Silivri'den sonra Cumhuriyet'e ilk ziyaret
10 Mart 2018Cumhuriyet çalışanlarının yargılandığı davanın Silivri'de dün görülen altıncı duruşmasında tahliye edilen Murat Sabuncu ve Ahmet Şık bugün gazeteleri Cumhuriyet'i ziyaret etti. Murat Sabuncu, her hafta gözaltında kaybedilen yakınlarının akıbetini sormak için Galatasaray Meydanı'nda toplanan Cumartesi Anneleri'nin eylemine katıldıktan sonra gazeteye geldi. Sabuncu, "Cumartesi Anneleri'nin yanından geliyorum, hepinize selamları var” dedi.

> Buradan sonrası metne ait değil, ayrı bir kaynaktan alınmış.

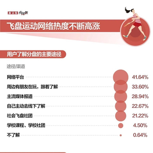 对于大多数人而言,虽然不了解飞盘,但肯定在网络社交平台、综艺节目中看到过与飞盘活动相关的内容,也正是在脱口秀节目的调侃、综艺节目明星互动、社交平台博主的分享等多渠道共同助推下,飞盘运动的热度一路高涨。

Murat Sabuncu, dokuz ay boyunca tecritte kaldıklarını, dayanışma sayesinde iyi olduklarını belirterek "Hiç yalnız kalmadık. Her gün ziyaretimize bir avukat geldi. Dayanışmanın yeri bambaşka. Nefes oldunuz” diye konuştu. Sabuncu, Cumhuriyet Vakfı İcra Kurulu Başkanı avukat Akın Atalay'ın serbest bırakılmaması nedeniyle burukluk ve eksik bir sevinç yaşadıklarını dile getirerek "Türkiye'de ilk hedef değiliz, umarım ki son hedef oluruz. İçeride hala pek çok gazeteci, milletvekili, hak savunucusu var... Biz çıktık diye bu zulüm bitmiş değil” dedi.

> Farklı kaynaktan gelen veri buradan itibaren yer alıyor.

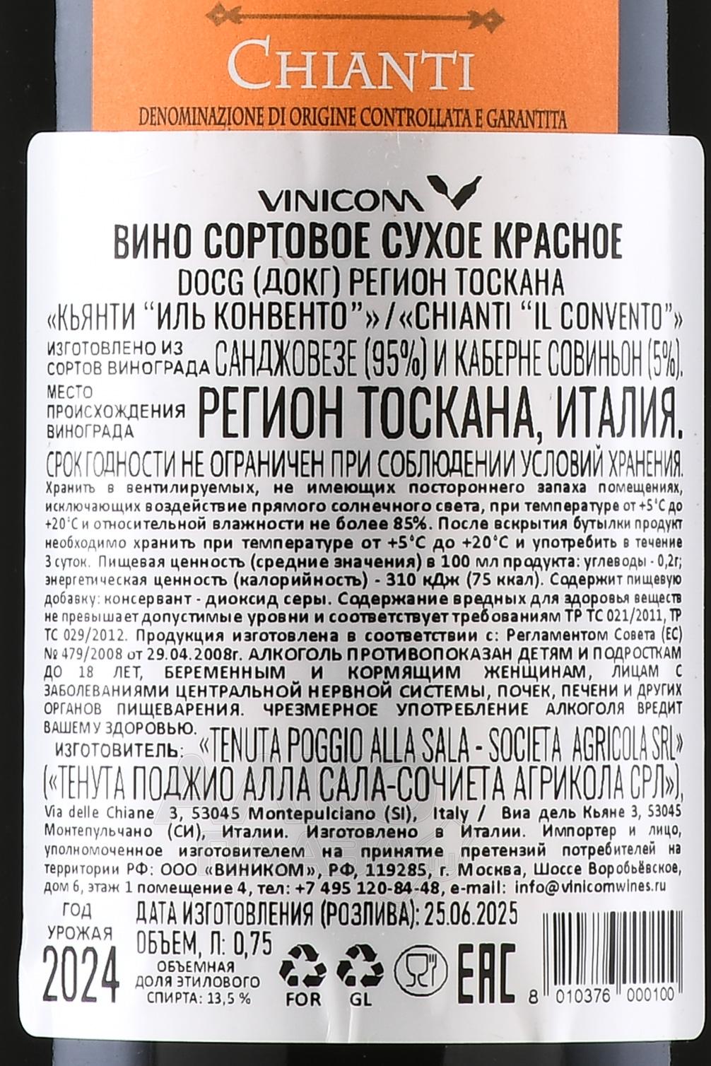 Красное сухое вино Il Convento Chianti DOCG 0,75 л создано в сердце Тосканы, в зоне Кьянти, известной своими глинисто-известковыми почвами и мягким климатом. В основе вина — классический сорт Санджовезе с небольшим добавлением Каберне Совиньона, придающим структуру и глубину. Ферментация проходила в контакте с кожицей в течение 2 недель, что позволило сохранить насыщенный цвет и выразительные таннины. После алкогольного брожения началось малолактическое, затем последовала выдержка — 8 месяцев в дубовых бочках. Это вино — типичный представитель традиционного Кьянти, ценимый за чистоту вкуса и гармоничное сочетание фруктовых и древесных нот.

"Sessizliğin sesi olduğuna inanıyorum”
Sabuncu'nun ardından konuşan Cumhuriyet muhabiri Ahmet Şık da tutuklanmalarına siyasetin karar verdiğini ifade ederek tutuklanırken de serbest bırakılırken de ortada hukuki bir kararın olmadığını söyledi. Medyanın susturulmasının toplumun susturulması olduğunu belirten gazeteci Şık, "Türkiye bir hukuk devleti değil. Bir kenara çekilmiş, izleyen kitleye sesleniyorum. Sessizliğin sesi olduğuna inanıyorum. Ben o sesi duymak istiyorum. Bu iktidar elbet gidecek ama biz kalan Türkiye'de yaşayabilecek miyiz? İnsanlar bunu kendilerine sorsunlar” dedi.

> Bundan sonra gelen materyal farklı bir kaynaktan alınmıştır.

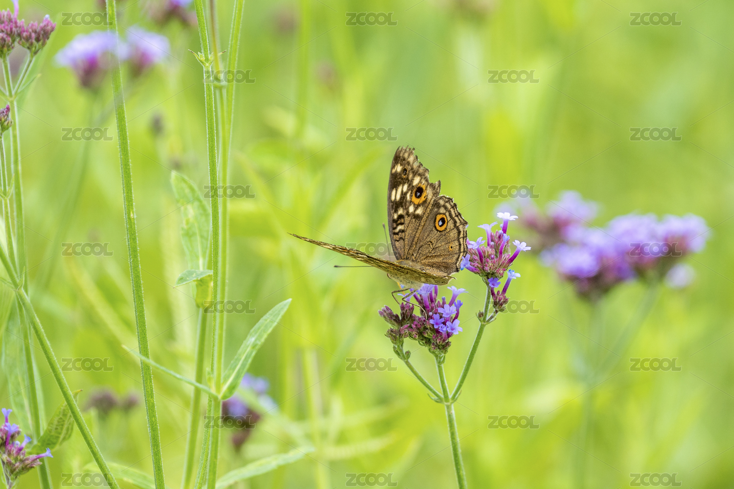 一只美眼蛱蝶穿梭于花丛中吸蜜并帮助授粉

Tutuklu kaldıkları sürenin nasıl geçtiği sorusuna yanıt veren Ahmet Şık, cezaevi koşullarının insani olmadığına dikkati çekerek "Tecritin ne olduğunu öğrendim. İşkenceye gerek yok, cezaevinin kendisi işkence artık. Cezaevlerinde insani hiçbir şey yok. Bu ülkenin hayatında Silivri diye gerçek var” diye konuştu. Son dönemde yaşanan gözaltı ve tutuklamalara da değinen Şık, "FETÖ adı altında mücadele yürütülüyor. Onun bahanesiyle herkes hapsediliyor. Türkiye'nin üçüncü büyük partisinin iki eş başkanı, siyasetçiler, öğrenciler, hukukçular cezaevinde. Savaşa hayır diyen çocukları tutukluyorlar” dedi.
Ahmet Şık, tutuklanmalar ile bir ibret dalgası yaratılmaya çalışıldığını savunarak "Bu ülkede iktidarın hakikatle derdi var. Yüzyılın Türk yalanı, yargı bağımsızlığıdır. İktidar yaptığı yalanın dolanın kimseye aktarılmasını istemiyor. Bunun için uğraşan herkes hedefte” diye sözlerini sürdürdü. Şık içeride oldukları süre boyunca dayanışma gösteren meslektaşlarına ve avukatlara teşekkür etti.
"Adalet, eşitlik, özgürlük diliyoruz”
Cumhuriyet Vakfı Yönetim Kurulu üyesi Erdal Atabek de mutlu ancak Akın Atalay'ın aralarında olmaması nedeniyle eksik olduklarını dile getirdi. Cumhuriyet gazetesinin mücadelesinden vazgeçmeyeceğini söyleyen Atabek, "Hapiste yatmak mücadelenin parçasıdır. Kendini güçlü sananlar güçlü değildir. Geri kalanın kendini güçsüz sanmasından kaynaklanan bir yanılgıdır” diye ekledi.
"İyi ki doğdun Akın Atalay” dövizleri tutan Cumhuriyet çalışanları ve aileleri, Sabuncu, Şık ve Atabek'in konuşmalarının ardından bugün doğum günü olan Akın Atalay için pasta kesti. Ahmet Şık pasta kesilirken, adalet, eşitlik ve özgürlük diledi.